Question

How do you solve the system $ - 6x + 6y = 6$ and $ - 6x + 3y = - 12\,$?

Answer 1

Hint: Let us solve the system of equations by using elimination method.
There are three ways to solve systems of linear equations in two variables: graphing, substitution and elimination method.
In this system of equations multiplication is not necessary to eliminate a variable.
In the elimination method, you either add or subtract the equations to get an equation in one variable. When the coefficients of one variable are opposites you add the equations to eliminate a variable and when the coefficients of one variable are equal you subtract the equations to eliminate a variable.
The elimination method for solving systems of linear equations uses the additional property of equality.

Complete step-by-step solution:
First mark the given two equations as $\left( 1 \right)$ and $\left( 2 \right)$ .
The given equations are
$ - 6x + 6y = 6$ …. $\left( 1 \right)$
$ - 6x + 3y = - 12\,$ ….. $\left( 2 \right)$
 Solve one of the equations for one of the variables.
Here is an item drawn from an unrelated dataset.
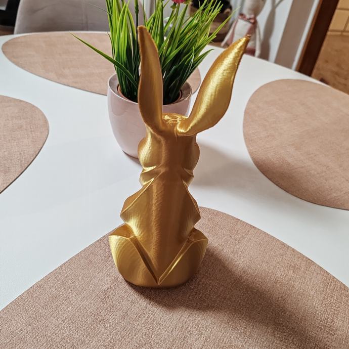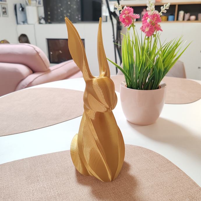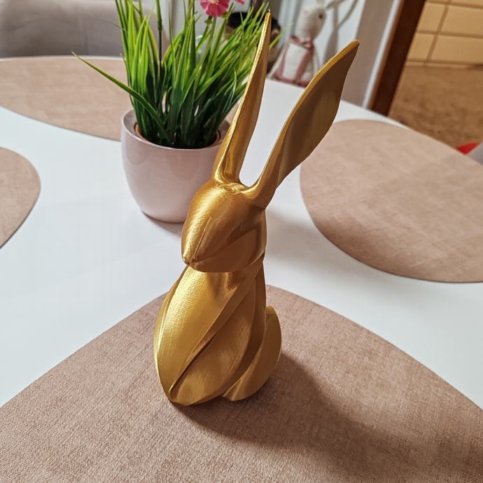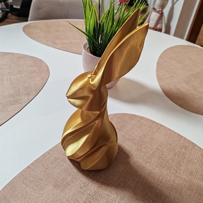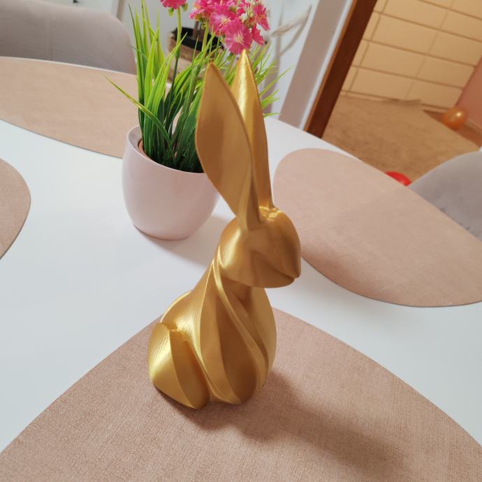 Ovaj elegantni 3D printani zec savršen je spoj modernog dizajna i sofisticirane estetike. Njegove glatke, apstraktne linije i profinjena zlatna završna obrada čine ga istaknutim dekorativnim detaljem koji unosi dozu luksuza u svaki prostor. Minimalistički, ali upečatljiv, savršeno se uklapa u interijere svih stilova – od suvremenih do klasičnih.

Let’s solve the first equation for y.
Note that the coefficients of $x$ in both equations are numerically equal.
So, we can eliminate $x$ easily in the system of equations.
Now, adding the two equations we obtain an equation,
\[\begin{array}{*{20}{c}}
  { - 6x + 6y = 6} \\
  { - 6x + 3y = - 12} \\
  { + {\text{ }} - {\text{ + }}} \\
  {\overline {{\text{ }}0 + 3y = 18} }
\end{array}\]
$3y = 18$
$y = \dfrac{{18}}{3}$
 That is, $y = 6$
Now, we substitute $y = 6$ in any one of the above equations to solve for x.
Substituting $y = 6$ in equation $\left( 1 \right)$
We obtain,
$ - 6x + 6\left( 6 \right) = 6$
$ - 6x + 36 = 6$
Shifting the constants to the right-hand side,
$ - 6x = 6 - 36$
$ - 6x = - 30$
Shifting the variable to the other side,
$ - x = \dfrac{{ - 30}}{6}$
$ - x = - 5$
$ \Rightarrow x = 5.$
Now, $\left( {5,6} \right)$ is a solution to the given system of equations.
Because the two given equations are true when $x = 5$ and $y = 6$ as from the given two equations.
Substitute $x = 5$ and $y = 6$ in equation $\left( 1 \right)$ and $\left( 2 \right)$ , we get,
$ - 6\left( 5 \right) + 6\left( 6 \right) = 6$
$ - 30 + 36 = 6$
And, $ - 6x + 3y = - 12\,$
$ - 6\left( 5 \right) + 3\left( 6 \right) = - 12$
$ - 30 + 18 = - 12\,$

Note: We can also solve this system of equations by cross multiplication method.
The given system of equation can be written in the form as
$ - 6x + 6y - 6 = 0$
$ - 6x + 3y + 12 = 0$
For the cross-multiplication method, we write the coefficient as
$\begin{array}{*{20}{c}}
  {}&x&{}&y&{}&1&{} \\
  6&{}&{ - 6}&{}&{ - 6}&{}&6 \\
  3&{}&{12}&{}&{ - 6}&{}&3
\end{array}$
Hence, we get,
$\dfrac{x}{{\left( 6 \right)\left( {12} \right) - \left( 3 \right)\left( { - 6} \right)}} = \dfrac{y}{{\left( { - 6} \right)\left( { - 6} \right) - \left( {12} \right)\left( { - 6} \right)}} = \dfrac{1}{{\left( { - 6} \right)\left( 3 \right) - \left( { - 6} \right)\left( 6 \right)}}$
$\dfrac{x}{{72 + 18}} = \dfrac{y}{{36 + 72}} = \dfrac{1}{{ - 18 + 36}}$
$\dfrac{x}{{90}} = \dfrac{y}{{108}} = \dfrac{1}{{18}}$
$\dfrac{x}{{90}} = \dfrac{1}{{18}}$
$x = \dfrac{{90}}{{18}}$
$x = 5$
$\dfrac{y}{{108}} = \dfrac{1}{{18}}$
$y = \dfrac{{108}}{{18}}$
$y = 6$
Hence, the solution is
$\left( {5,6} \right)$